Narrow River Names & Numbers
January 11, 2011
Narrow River Headwaters/Gilbert Stuart Museum: Across the street from the Gilbert Stuart Birthplace Museum on Carr Pond you’ll find a dirt parking lot and a small path leading to the river. Depending on the water level, you may have to carry your kayak or canoe several hundred feet to find a spot to launch.
Indian Trail: Small put-in with limited street parking on the east bank of Lower Pond.
Woodsia Drive: Beach put-in for kayaks and canoes on east bank of Lower Pond.
Pettaquamscutt Avenue Right-of-Way: Small ramp with limited street parking just below Lacey Bridge.
Narrow River Fishing Access: Concrete-slab launch ramp with free parking for 20 vehicles. Off Middlebridge Road.
Middle Bridge: Parking available next to ramp at Narrow River Kayak.
Sprague Bridge (Rt. 1A): Good launch spot for kayaks and canoes near Pettaquamscutt Cove and the river mouth. Parking available on both side of the bridge.
- Narrow River Kayaks (401-789-0334): Kayak rentals and guided trips. Located at Middle Bridge on the Narrow River. You can also launch your own kayak or canoe at the store for a small fee. NRK is a great source of information on kayaking the river and can offer advice on launch sites.
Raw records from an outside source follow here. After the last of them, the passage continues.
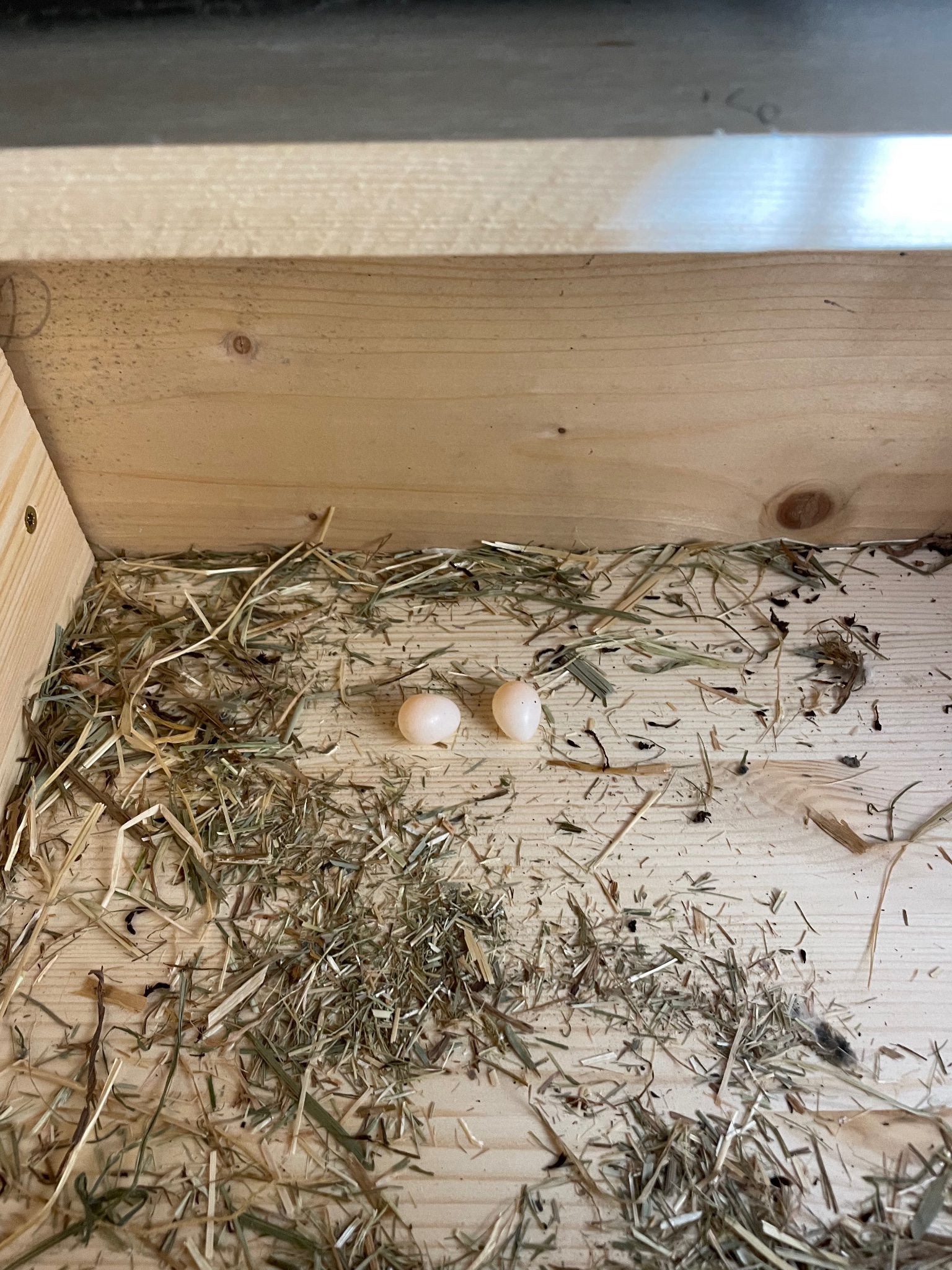 Im nächsten Kasten wurde noch mehr angeklebt und es lag ein Ei darin ,in einem anderen Kasten lagen zwei Eier darin. Während wir dastanden, kamen Mehlschwalben an das Einflugloch geflogen. Weil die Zeit knapp war ,hatten wir nicht alle Kästen geöffnet .Ich könnte mir aber vorstellen ,dass es in den anderen Gästen ähnlich aussieht.Mal schauen was da rauskommt.Da die Eier aber keinen Halt haben, denke ich , daß sie verrollen. Für Nistmulden fehlte im Vorfeld leider die Zeit.Wäre interessant gewesen , ob die diese uch genutzt hätten.
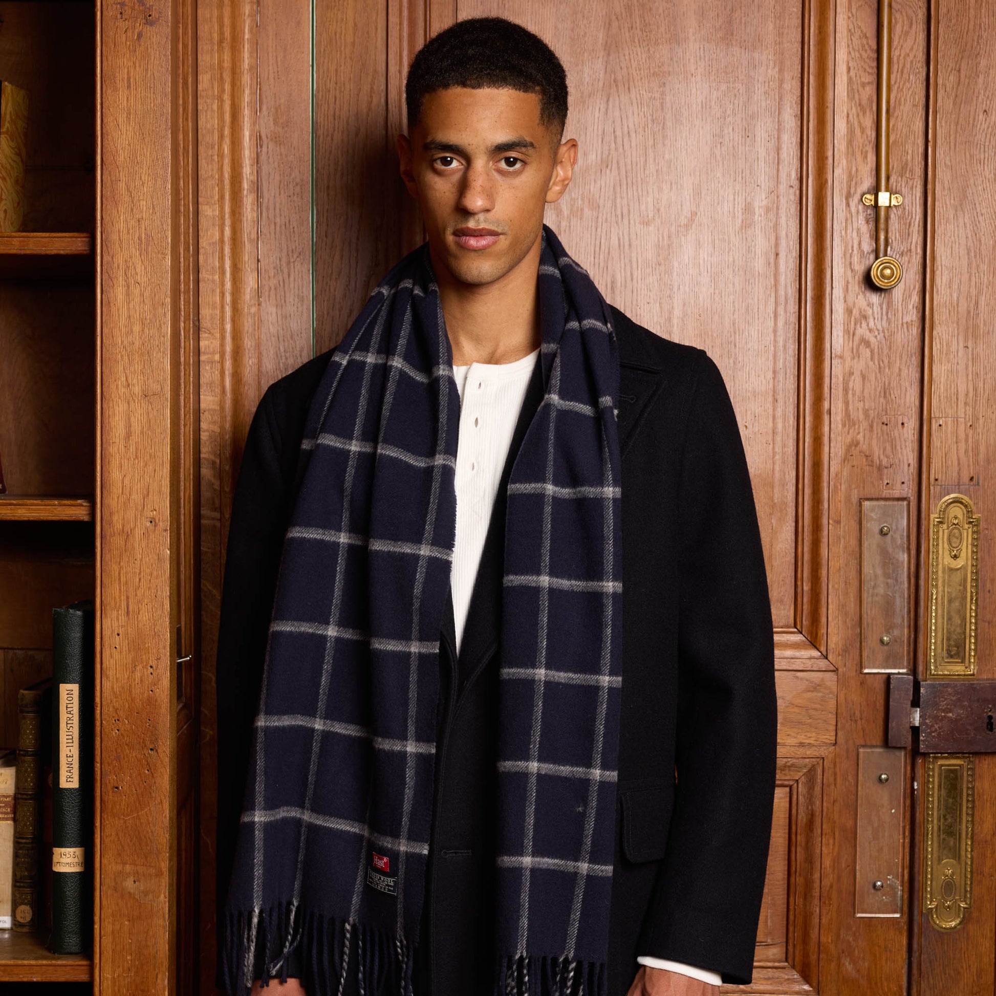 Our navy checked virgin wool scarf made in Italy keeps you warm all winter long, easily pairing with all your formal or casual outfits.
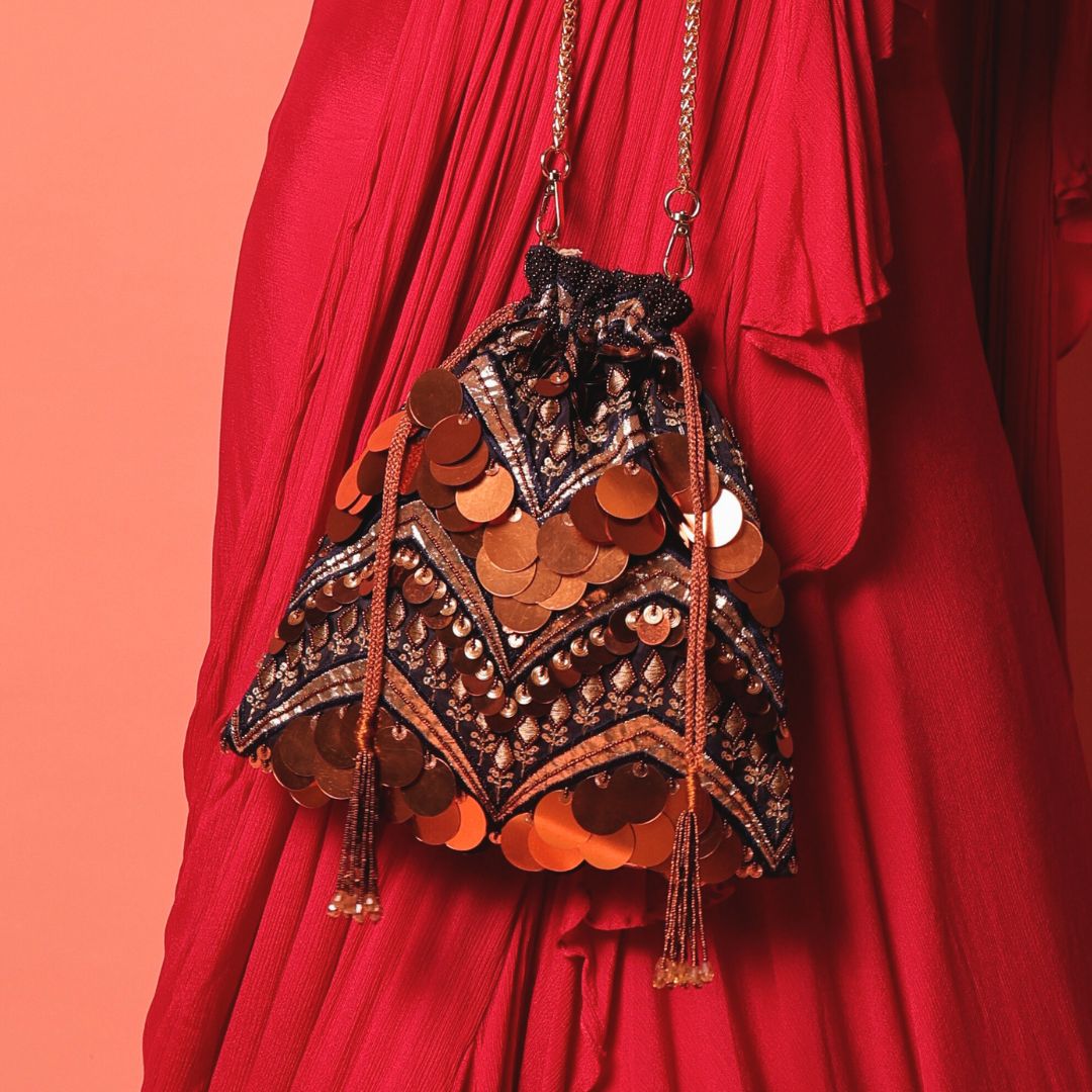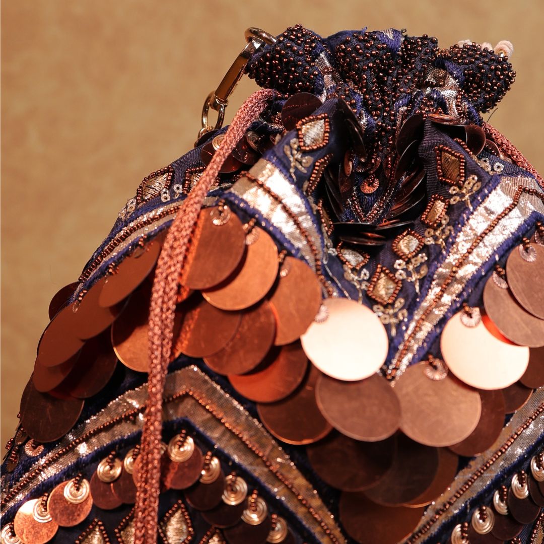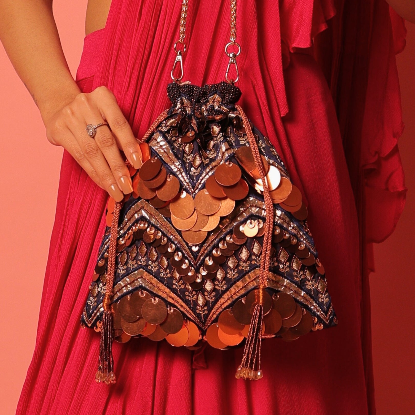 The Taraaya Copper Chevron Potli is a radiant blend of Indian craftsmanship and modern elegance. Handcrafted on a deep navy base, it features intricate zari chevron embroidery highlighted with layered copper disc sequins that shimmer with every movement. Finished with beaded drawstrings and tassels, this potli is designed to elevate festive, wedding, and evening looks. Ethically handmade in India by skilled artisans, it is a statement accessory made to shine.
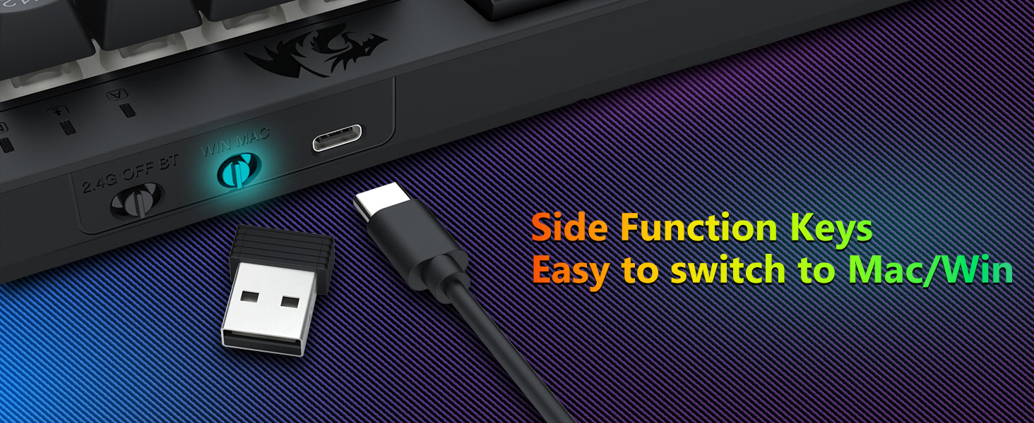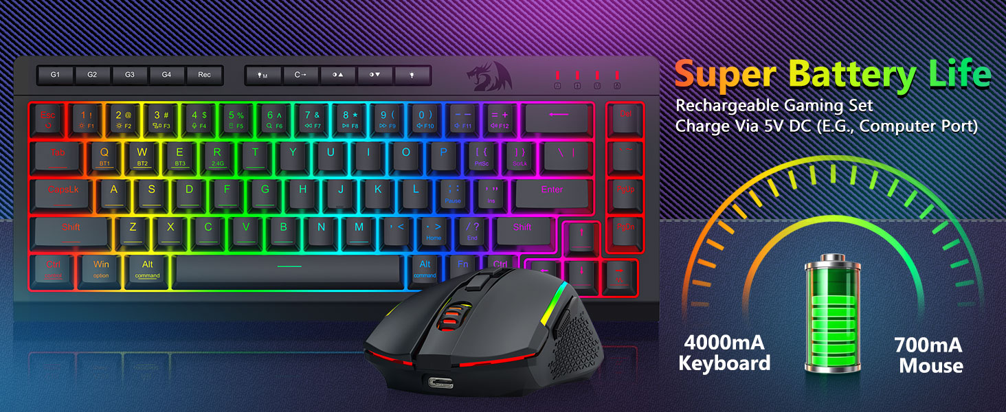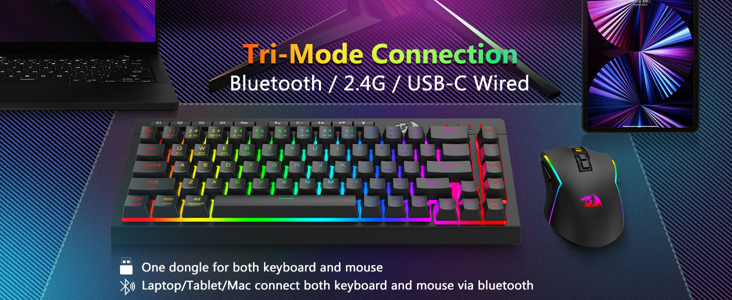 トライモードの多用途キーボードとマウス- Bluetooth 5.0、2.4GHz ワイヤレス、または USB-C 有線モードをシームレスに切り替えて、さまざまなデバイス (PC、Mac、タブレット、電話、PS/XBOX) に接続します。ショートカット キーまたはサイド ボタンを使用してデバイスを簡単に切り替えられるため、仕事とゲームのハイブリッド セットアップに最適です。 4,000mAh バッテリー キーボードと 700mAh バッテリー マウスを使用すると、数週間電力を供給できます (スタンバイ 30 日以上、RGB ランタイム 50 時間)。

- The Kayak Centre (401-295-4400): Kayak rentals and guided trips.
- Queens River Kayaks (401-284-3945): Kayak rentals and guided trips.
- Gilbert Stuart Birthplace Museum (401-294-3001): Gilbert Stuart was a popular early-American portraitist whose painting of George Washington adorns the dollar bill. Stuart was born in the former snuff mill at the headwaters of the Narrow River. Today, the restored mill that Stuart’s father ran, including the giant water wheel that once turned the grinding machinery, is a national historic monument and museum.
- John H. Chafee National Wildlife Refuge: Bordering Pettaquamscutt Road, the refuge provides habitat for numerous bird species.
Narrow River Preservation Association (401-783-6277): The NRPA was formed in 1970 to thwart efforts by the Boy Scouts to sell off a large parcel of donated land to developers, who wanted to create a subdivision on the east bank of Lower Pond. The NRPA negotiated with the Scouts and eventually reached an agreement under which only 7 homes were built, helping to protect both the beauty and ecology of the entire river.
Like most waterways along the East Coast, the Narrow River suffers from excess nitrogen and phosphorous in groundwater and feeder-stream runoff. The nutrients enter the water largely via residential and agricultural fertilizers and septic systems.
The NRPA seeks to educate river abutters and homeowners throughout the watershed on what they can do to improve the water quality, whether through limiting the use of fertilizers, establishing buffer zones of vegetation to absorb excess nitrogen or discouraging the feeding of waterfowl, such as swans, ducks and Canada geese, whose plentiful droppings contribute to high levels of fecal coliform bacteria that have resulted in the continual closing of downstream shellfish beds.
To help pay for its efforts and to raise awareness of the river’s importance to the community, the NRPA holds fundraising events, such as its annual road race and the Turnaround Swim.
Explore RI’s Greenways and Blueways: Great website packed with information for boaters on where to launch and what to expect on many Rhode Island waterways. Also provides links to useful satellite and topo maps.